Task: What is needed is an exact copy of the lines from the line holding "日本技术实力领先,中国企业市" through the end of the material, with no other lines and no pictures.

Data block:
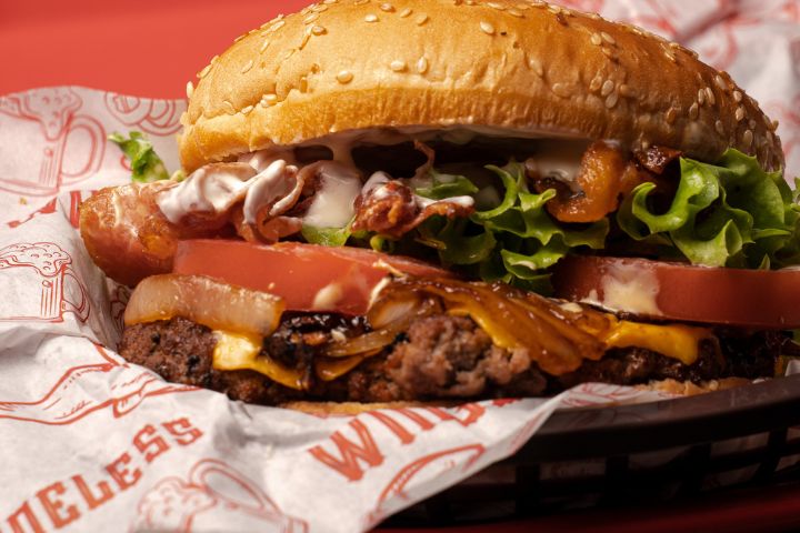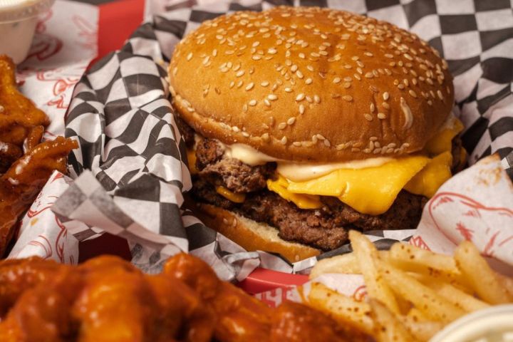 Hamburguesa de su eleccion, media orden de boneless, acompañados de papas a la francesa y aderezo ranch de la casa.
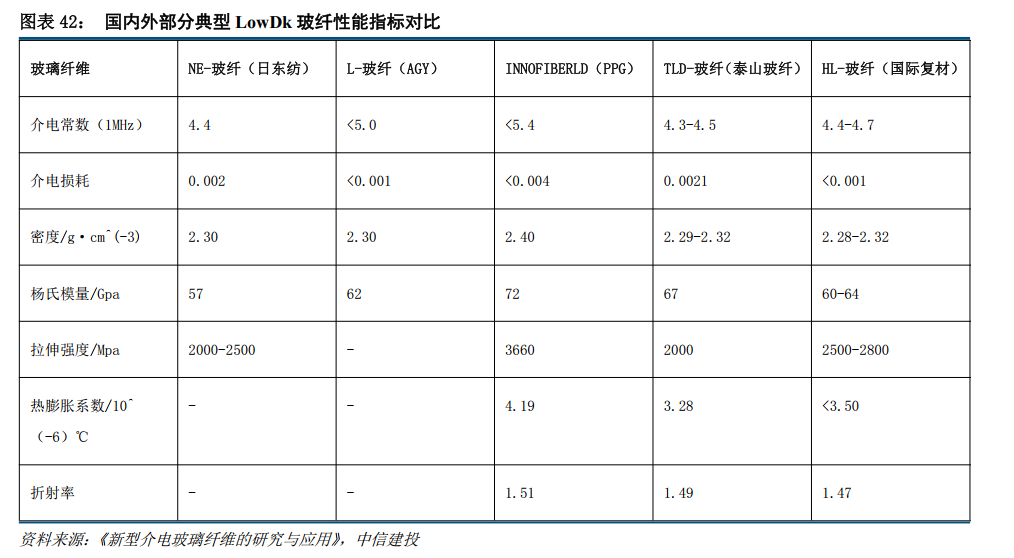 日本技术实力领先,中国企业市场份额有望快速提升。日本的LowDk玻纤发展较早,技术领先,此外美国、中国台湾、中国大陆的相关企业也占据一定市场份额。据QYR(恒州博智)统计,全球低介电玻璃纤维核心厂商有日东纺、AGY、台玻、富乔和泰山玻纤等,前五大厂商占有全球大约93%的份额。目前市场上成熟的LowDk玻纤主要有日本东纺的NE低介电玻璃纤维、AGY的L-glass低介电玻璃纤维、泰山玻璃纤维有限公司的TLD-glass低介电玻璃纤维和重庆国际复合材料有限公司的HL低介电玻璃纤维等。
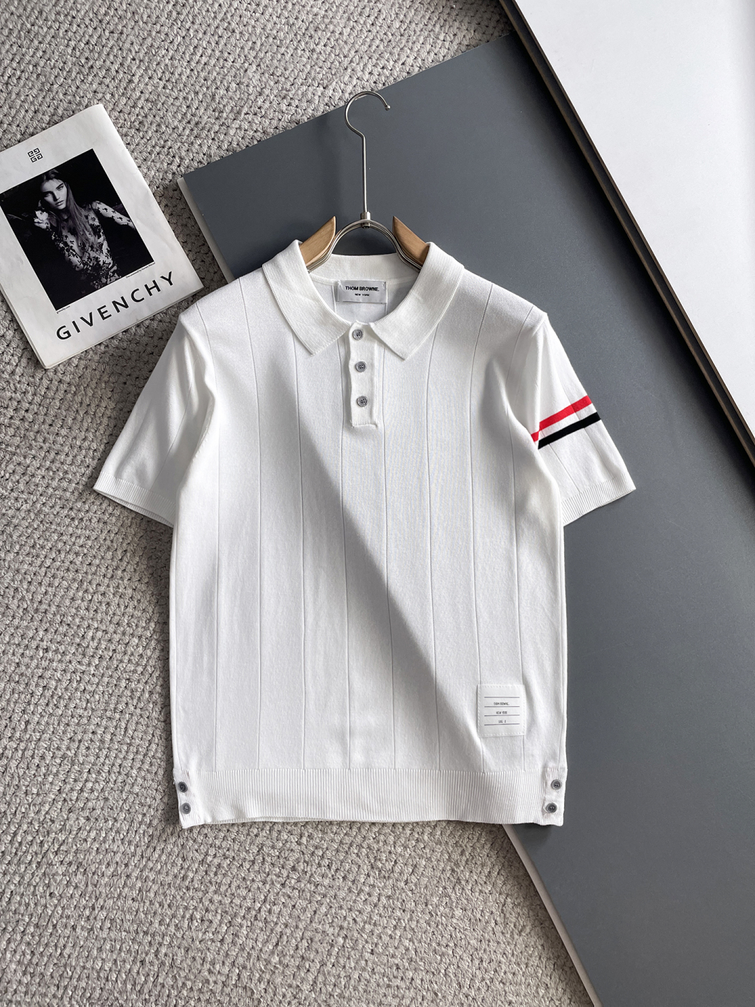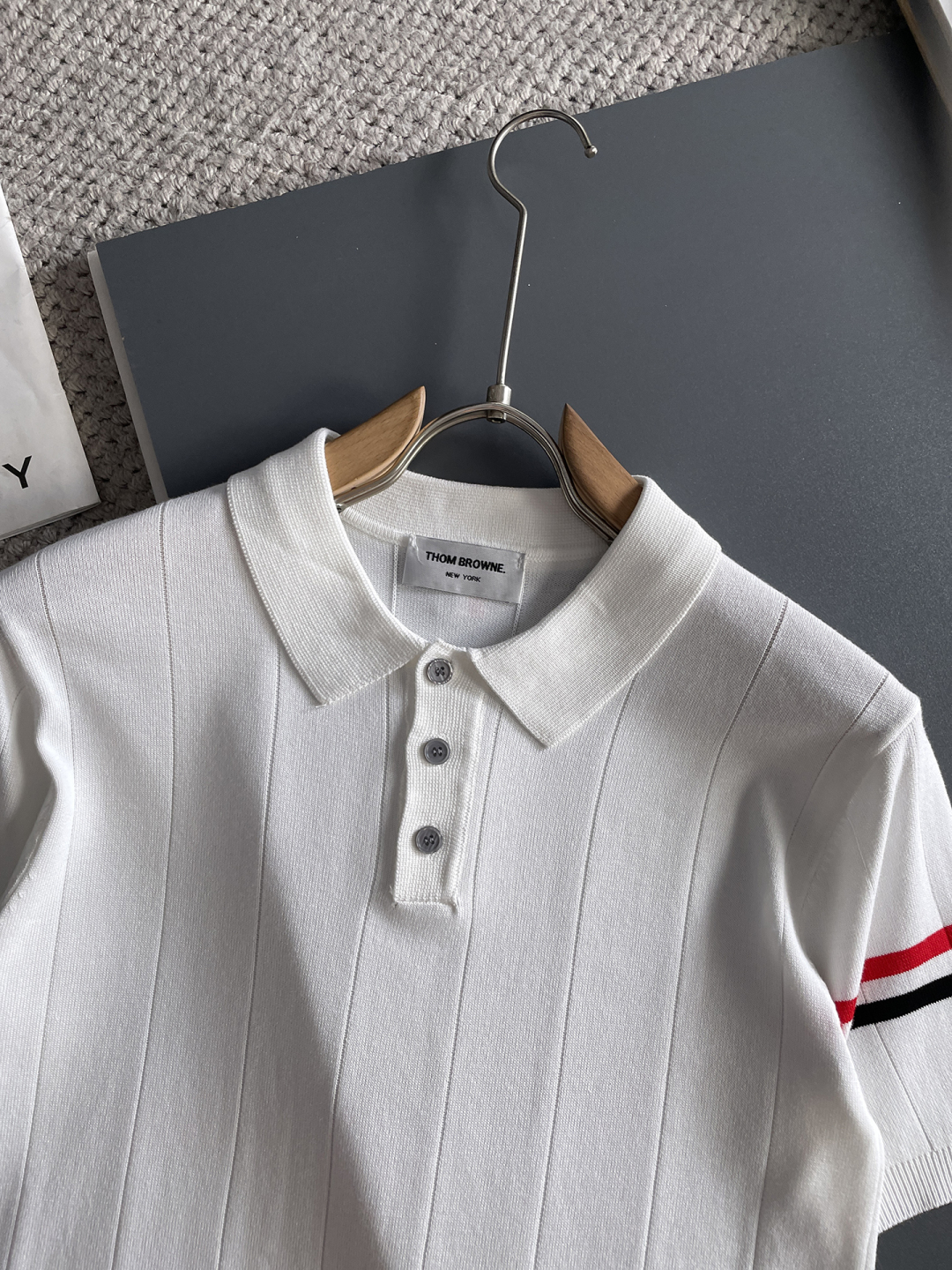 TB Spring/Summer 2025 new simple and versatile letter embroidered top-quality imported private knitwear polo short-sleeved shirt, high-end heavy industry jacquard short-sleeved knitwear. The counter style is fashionable yet luxurious, and the quality is beyond doubt. The wearing effect is excellent. The same size as the official website of luxury is M-xxxl

Problem solution:
 日本技术实力领先,中国企业市场份额有望快速提升。日本的LowDk玻纤发展较早,技术领先,此外美国、中国台湾、中国大陆的相关企业也占据一定市场份额。据QYR(恒州博智)统计,全球低介电玻璃纤维核心厂商有日东纺、AGY、台玻、富乔和泰山玻纤等,前五大厂商占有全球大约93%的份额。目前市场上成熟的LowDk玻纤主要有日本东纺的NE低介电玻璃纤维、AGY的L-glass低介电玻璃纤维、泰山玻璃纤维有限公司的TLD-glass低介电玻璃纤维和重庆国际复合材料有限公司的HL低介电玻璃纤维等。
 TB Spring/Summer 2025 new simple and versatile letter embroidered top-quality imported private knitwear polo short-sleeved shirt, high-end heavy industry jacquard short-sleeved knitwear. The counter style is fashionable yet luxurious, and the quality is beyond doubt. The wearing effect is excellent. The same size as the official website of luxury is M-xxxl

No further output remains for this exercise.